**To do**
I need every line from the start of the material below up to and including the line containing "Vues de l'exposition", restated exactly, with the pictures omitted.

**Raw data**

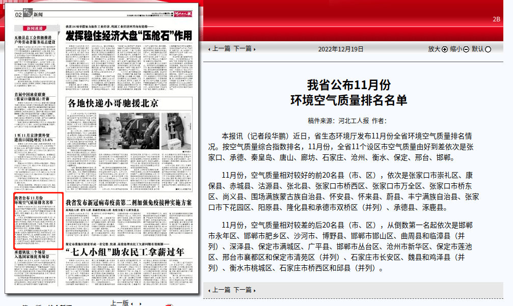 本报讯(记者段华鹏)近日,省91直播厅发布11月份全省环境空气质量排名情况。按空气质量综合指数排名,11月份,全省11个设区市空气质量由好到差依次是张家口、承德、秦皇岛、唐山、廊坊、石家庄、沧州、衡水、保定、邢台、邯郸。
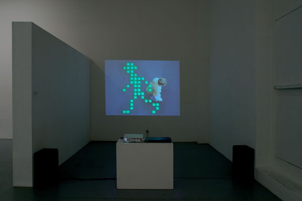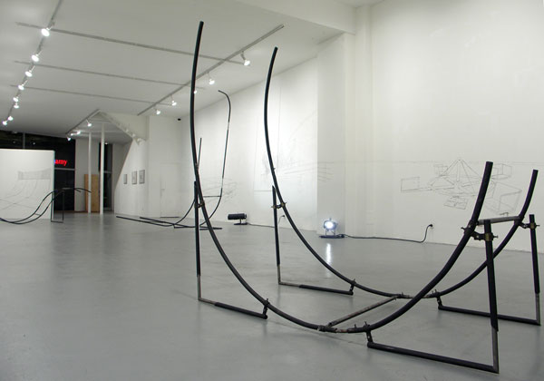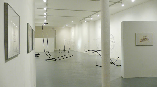 Vues de l'exposition Amorces, Carré Bonnat, Bayonne Dessins muraux (fusain), dessins sur papier, vidéo, projecteurs à découpe, structures tubulaires métalliques modulables
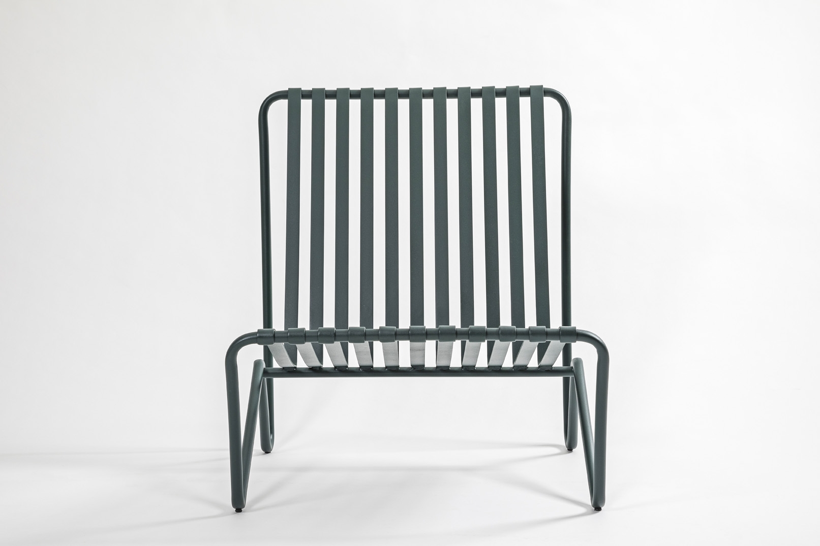 This timeless outdoor seatings family in stainless steel and colored nautical ropes is designed with in architectonic and geometric reasoning. Framed in a square mesh, the shape and continuity of structural lines suggest fluidity and all elements constitute its functioning. Metallic profiles are sized to ensure stability with minimum material. This sustainable orientation besides allowing affordable products, promotes a light and simple aesthetics.

**Exercise solution**
 本报讯(记者段华鹏)近日,省91直播厅发布11月份全省环境空气质量排名情况。按空气质量综合指数排名,11月份,全省11个设区市空气质量由好到差依次是张家口、承德、秦皇岛、唐山、廊坊、石家庄、沧州、衡水、保定、邢台、邯郸。
 Vues de l'exposition Amorces, Carré Bonnat, Bayonne Dessins muraux (fusain), dessins sur papier, vidéo, projecteurs à découpe, structures tubulaires métalliques modulables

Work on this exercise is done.